2 Materials and methods

2.1 Patients’ characteristics

In the study a total number of 60 acute lymphoblastic leukemia pediatric patients was enrolled from 2013 to 2017 at the Department of Pediatric Oncology and Hematology, Medical University of Bialystok, Poland. Control group of 48 healthy subjects consisted of patients with excluded autoimmune, oncological, and inflammatory conditions, selected in the course of routine diagnostic procedures. Studied groups demonstrated consistency in the context of sex distribution and age. Complete characteristics of the studied subjects are included within the supplementary materials (Supplementary Figure 1). Bone marrow and peripheral blood samples were collected during standard diagnostic procedures conducted at the clinical department. Experimental material from the bone marrow was collected during induction therapy: at the moment of diagnosis, on day 15, 33 and 12-week point of the patients’ management and from the peripheral blood: at the moment of diagnosis on day 8, 15 and 33. Written informed consent was obtained from all patients (parent or legal guardian for underage subjects). The study protocol was approved by the Ethical Committee at the Medical University of Bialystok – approval number: APK.002.603.2021. Treatment of the patients was performed in accordance with ALL-IC BFM 2009 protocol. The Induction Therapy (Protocol I’A/IA) involved the use of prednisone, vincristine, daunorubicin, L-asparaginase and intrathecal methotrexate. MRD (minimal residual disease) values were evaluated on day 15^th, and together with clinical and laboratory data were the factors for the disease risk-groups stratification.

2.2 Flow cytometric evaluation of selected stem cells

Immunostaining with fluorochrome-conjugated monoclonal antibodies was performed on 600μl of tested subjects’ bone marrow. Ex vivo assessment of the samples implemented the following antibodies: anti-Lineage1 FITC (anti-CD3, clone SK7; anti-CD14, clone MφP9; anti-CD16, clone 3G8; anti-CD19, clone SJ25C1; anti-CD20, clone L27; anti-CD56, clone NCAM16.2), anti-CD235a FITC (clone GA-R2), anti-CD45 PE (clone HI30) (BD Bioscience), anti-CD133 APC (clone AC133) (Miltenyi Biotec). Samples were incubated for 25 minutes in the dark at room temperature. Subsequent washing out of unbound antibodies after incubation was followed by cell fixation with the use of CellFix reagent (BD Bioscience) and samples stored at 4°C. FACS Calibur flow cytometer (BD Bioscience, San Jose, CA, USA) was used for data acquisition. Flow cytometric data were analyzed with FlowJo software (Tree Star Inc., Ashland, OR, USA). Initially, small-sized cells of 2-6μm were gated using relative size parameter (forward scatter, FSC) supported by size beads (Thermo Fisher), and granularity/complexity (side scatter, SSC) properties. Next, bidirectional gating strategy was applied for technical verification of the rare events analysis. Thus, Lineage-positive cells were excluded and then CD133+CD45+ and CD133+CD45- populations determined. On the other hand, Lineage-CD133+ were gated followed by detection of CD45+ and CD45- cells. Besides morphology, studied phenotypes of stem cells included: Lineage-CD133+CD45+ (HSC) and Lineage-CD133+CD45- (VSEL) (22, 31–33). Gating strategy implemented in the study has been presented within supplementary material (Supplementary Figure 2).

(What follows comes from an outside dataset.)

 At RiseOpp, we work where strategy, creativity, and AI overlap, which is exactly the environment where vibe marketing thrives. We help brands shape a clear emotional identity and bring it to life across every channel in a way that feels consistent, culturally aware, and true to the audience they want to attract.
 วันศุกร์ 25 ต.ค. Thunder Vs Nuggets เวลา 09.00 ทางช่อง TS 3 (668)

2.3 Immunoenzymatic assessment of the SDF-1

Supernatants of the ALL patients’ and control group bone marrow was used for the evaluation of the SDF-1/CXCL12 (stromal cell-derived factor 1) concentration. SDF-1 levels were established using immunoenzymatic technique, in accordance with the protocol included within the Human CXCL12/SDF-1 ELISa kit (R&D Systems). Protein concentration related absorbance was measured with the use of LEDETECT96 microplate reader (Labexim) as 450nm wavelength with correction applied.

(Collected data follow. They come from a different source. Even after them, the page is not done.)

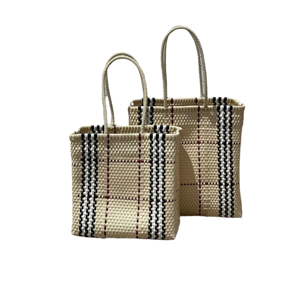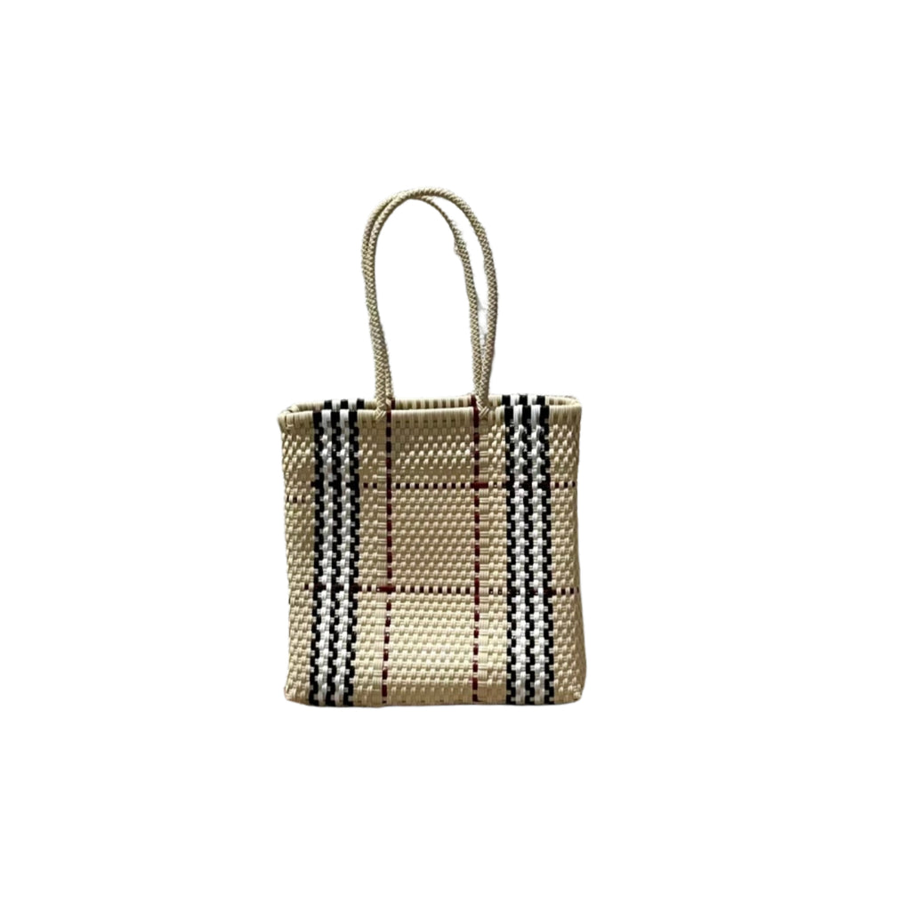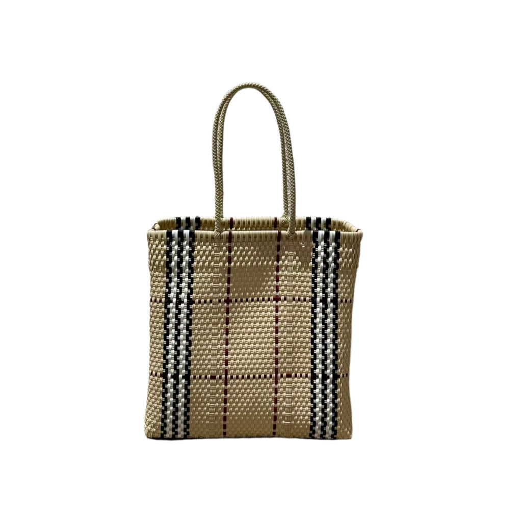This eye-catching "Gucci" recycled plastic tote bag, part of Nomad Chic’s Mexican exclusive collection, combines playful irony with sustainable style. Handcrafted from repurposed materials, it’s a bold statement piece with a wink of fashion humor.
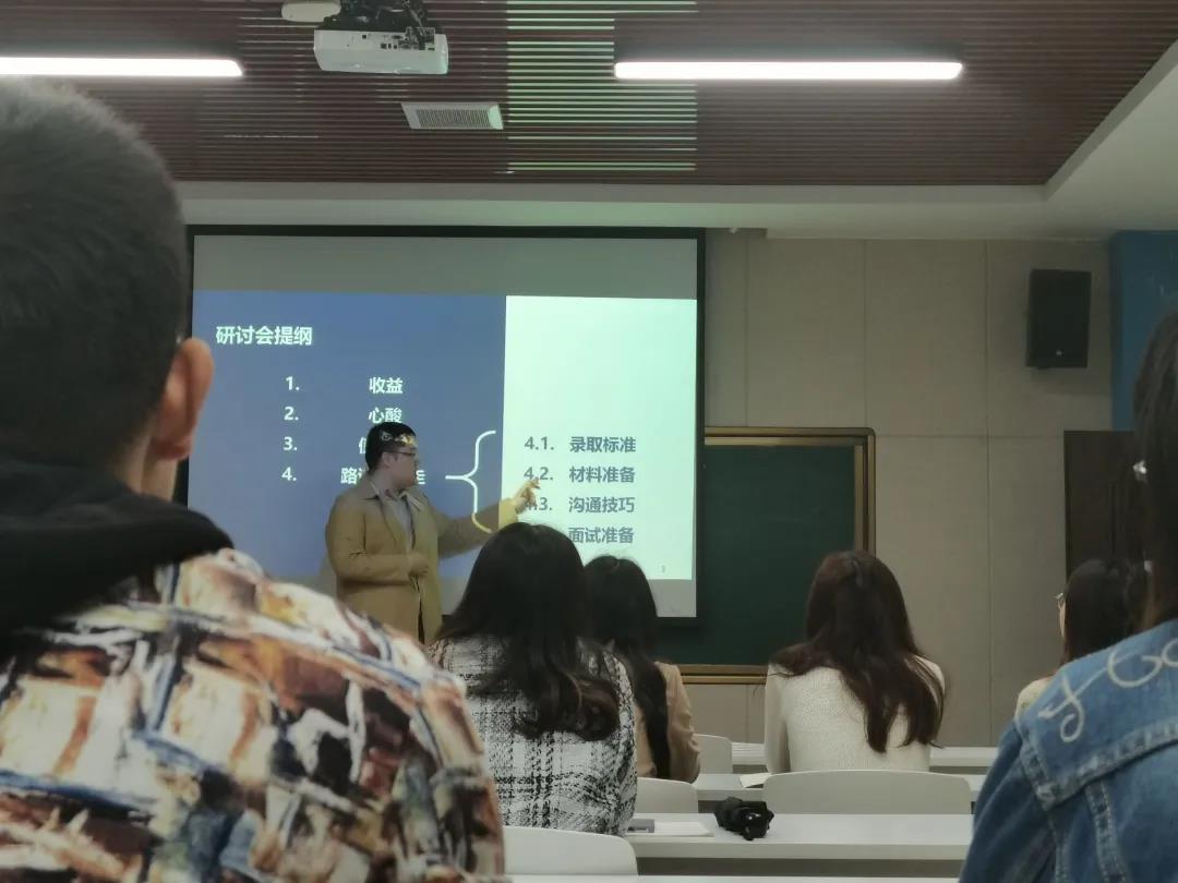 邀请周琛淏教授在210会议室召开了出国经验交流会。周教授从“收益、心酸、值不值、该怎么走”四个方面向我们讲述了关于出国的相关事宜,分享了他的出国经验。
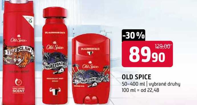 Aktuální slevu na OLD SPICE 50-400 ml vybrané druhy zjistíte jednoduše nastavením Strážce slev .
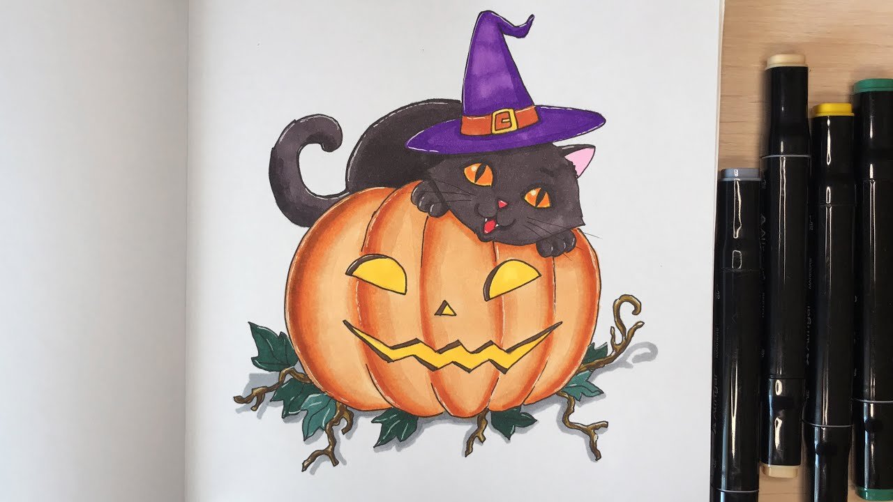Хэллоуинские рисунки маркерами
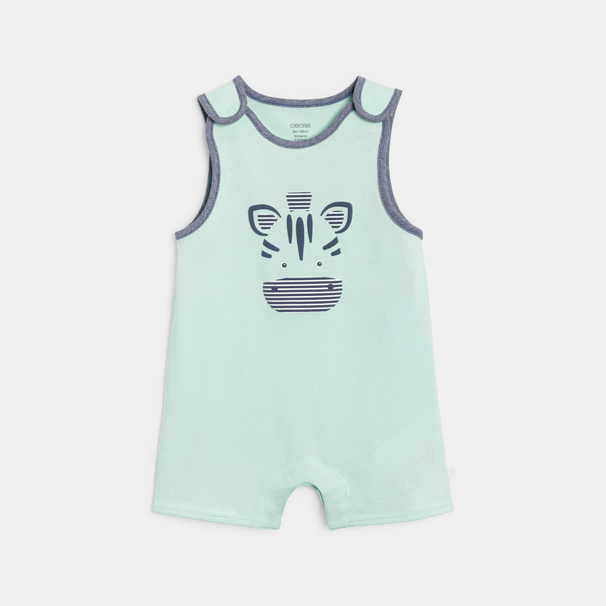 وصفي وجه الحمار الوحشي يبعث الحياة في هذا الأفرول القصير وهو مثالي للأيام الدافئة الأولى. يتميز بحمالاته ذات أزرار ضغط والأرجل القصيرة ويوفر الراحة والنعومة للأولاد الذين يستمتعون بالأيام المشمسة.
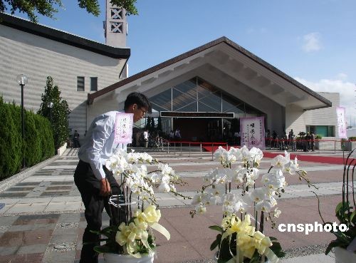 臺塑企業創辦人王永慶的遺體十七日由長榮班機運抵臺灣,靈堂設在桃園縣的長庚大學活動中心。圖為靈堂外景。中新社發 耿軍 攝
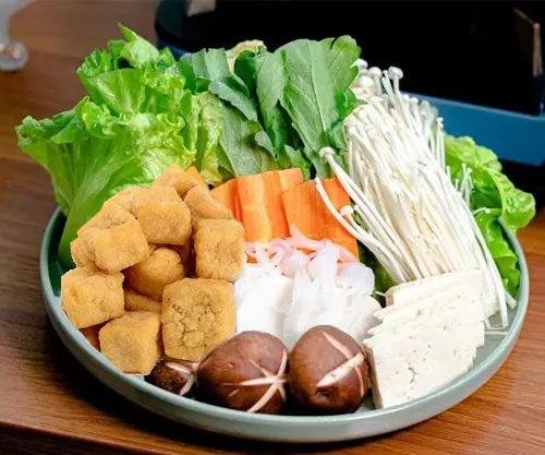 新鮮脆嫩的油麥菜、生菜,噴香的豆腐泡,還有網(wǎng)紅金針菇,解膩又滿(mǎn)足。

2.4 Biostatistical data processing

Collected data were analyzed with the use of GraphPad Prism 9.0 statistical software (GraphPad Prism Inc., San Diego, CA, USA). Due to non-Gaussian distribution, non-parametric Mann-Whitney U test was implemented to compare differences between studied groups. Differences between time points in the course of therapy were analyzed with application of ANOVA tests (with Fishers’ LSD post-test). Correlation analysis between selected parameters was performed using Spearmen test, with exact coefficient values (R values) presented on the graphs. Fishers’ exact test was applied for relative risk assessment, and relative values with 95% confidence interval showed on the graphs. Statistical significance level was set at p value of 0.05, and demonstrated on the graphs with asterisks or exact p values: * - p < 0.05, ** - p < 0.01, *** - p < 0.001, **** - p < 0.0001.

3 Results

3.1 Differences in selected bone marrow stem cell populations distribution between ALL and control group subjects at admission

Initial analysis of selected stem cells in the bone marrow of studied subjects revealed significantly higher frequency of VSELs (p < 0.0001) and HSCs (p = 0.0267) in ALL pediatric patients compared to the healthy control group. These changes were most pronounced in the context of VSELs additionally resulting in higher VSEL/HSC ratio in the leukemic subjects (p = 0.0006) (Figure 1A). An in-depth examination of stem cells relations revealed that despite significantly lower VSELs compared to HSCs in the control group (p < 0.0001), the difference is diminished in ALL patients (Figure 1B). Furthermore, those disease-affected subjects exclusively demonstrated a significant strong positive correlation between VSEL and HSC populations (r = 0.7513, p < 0.0001), with no such association in control group (r = -0.0046, p = 0.9701) (Figure 1C).

Figure 1

Figure 1. Investigation of VSEL and HSC populations in bone marrow of ALL patients at time of admission. Changes in VSEL, HSC and their ratio between ALL patients (ALL) and the healthy control group (HC) (A). Variations in mutual distribution of VSEL and HSC in the studied groups (B). Correlation between VSEL and HSC in patients with ALL and control group (C). ALL risk-group stratification of patients (SR, standard; IR, intermediate; HR, high risk) for assessment of differences in reference to the control group, in context of VSEL and HSC levels (D). Data presented as Turkey boxplots or median values exclusively; correlation graphs with coefficient and p values. Statistically significant values were indicated with asterisks: * - p < 0.05, *** - p < 0.001, **** - p < 0.0001.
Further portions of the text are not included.